While reading about evaluation metrics for imbalanced classification problem, I came to know that the metrics can be broadly classified into 3 categories - threshold metrics, ranking metrics, probability metrics. The “threshold metrics” category consists of accuracy, error, precision, recall, sensitivity, etc. One of the documents mentioned that “threshold metrics assume full knowledge of the conditions under which the classifier will be deployed. In particular, they assume that the class imbalance present in the training set is the one that will be encountered throughout the operating life of the classifier. which is not often the case so they can mislead you”.
I don’t understand how metrics such as recall can mislead? Whatever be the ratio of positive to negative category examples, these metrics would nonetheless give a measure of how accurately the positive and negative categories were predicted.
Hello @Harshit1097 ,
You are right that recall is a measure of how accurately the positive and negative categories were predicted. However, it is important to note that recall can be misleading in the case of imbalanced classification problems. This is because recall is calculated as the number of true positives divided by the total number of positive examples. In the case of an imbalanced classification problem, there will be many more negative examples than positive examples. This means that a classifier can achieve a high recall simply by predicting all examples as negative. For example, a classifier that predicts all examples as negative will have a recall of 100% if the positive class only makes up 1% of the training data. However, this classifier will have a very low precision, which is the number of true positives divided by the total number of predicted positives. In this case, the precision will be very low, because the classifier will have many false positives.

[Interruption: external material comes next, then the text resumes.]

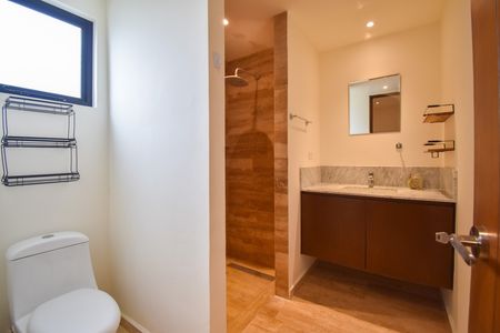 Recámara principal con clóset vestidor y baño completo.
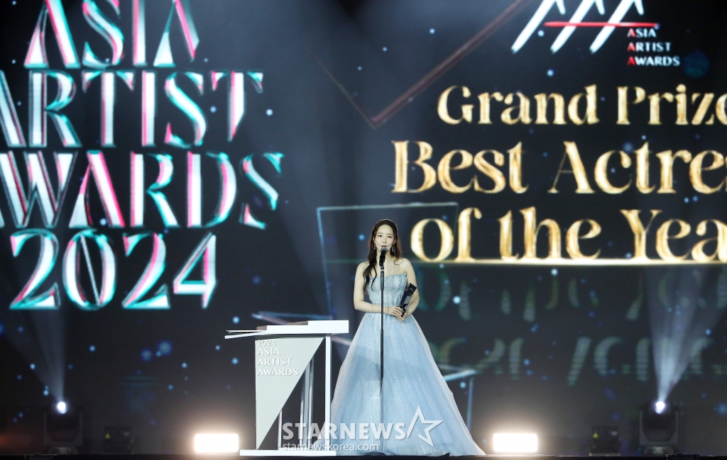 이날 박민영은 대상격인 '올해의 여우주연상'을 수상하는 영광의 주인공이 됐다. 더불어 'AAA 베스트 아티스트상'을 포함해 2관왕을 달성하며 'N번째' 전성기의 방점을 찍었다.

It is important to use a variety of metrics to evaluate the performance of a classifier on imbalanced classification problems. In addition to recall, you should also consider precision, F1 score, and ROC AUC. These metrics can help you to get a more accurate picture of the performance of your classifier.
Please feel free to reply with a follow up if you have any further questions.
In situations like this I always like to consider the extremes. Suppose your training set was 100% pictures of cats, but the operational environment was 100% pictures of motorcycles. A classifier will learn to always predict cat, and it will always be correct. During training. Operationally it will also always predict cat, however it will always be wrong. From this I get the intuition that the training metrics can mislead me about the usefulness of my model when faced with class imbalance. Too lazy to try, but I’m pretty confident algebra would back this up. Probably a Bayesian proof in there somewhere.